From an individual bacterium’s point of view, this is a very clever strategy if considered in terms of cost-benefit: Such light production through chemical means consumes a great deal of energy, hence is a costly transaction. Notwithstanding, a single bacterium will produce undetectable light levels alone. To this end, it is a “smart” move (footnote 5) for the bacteria to wait until the population reaches a “quorum” when a single bacterium will start making a difference. Then, the bacterium’s efforts to produce light will not go unnoticed.

As a matter of fact, the light organ of the squid is not just a nesting place for bacteria, but is also equipped with light-sensing capabilities. It was recently discovered that the squid can identify and then reject a (cheater) all-time non-luminous mutant strain of bacteria from its light organ (reference 8) via such a detection capability.
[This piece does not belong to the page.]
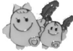
② 共同募金キャラクターバッジ (愛ちゃんと希望くん) 400円

The mutual benefit between the bacteria and the squid occurs in cycles that overlap within a 24-hour routine. In the daytime, as the squid hides itself for sleeping (hence cannot feed the high population of bacteria anymore), it releases 95% of the bacteria into the open waters. The cycle is thus reset: The diluted bacteria starts growing from low numbers in the non-glowing state. By approximately the time the bacteria has multiplied enough to reach a glowing density, the squid wakes up and comes out to feed (Figure 6).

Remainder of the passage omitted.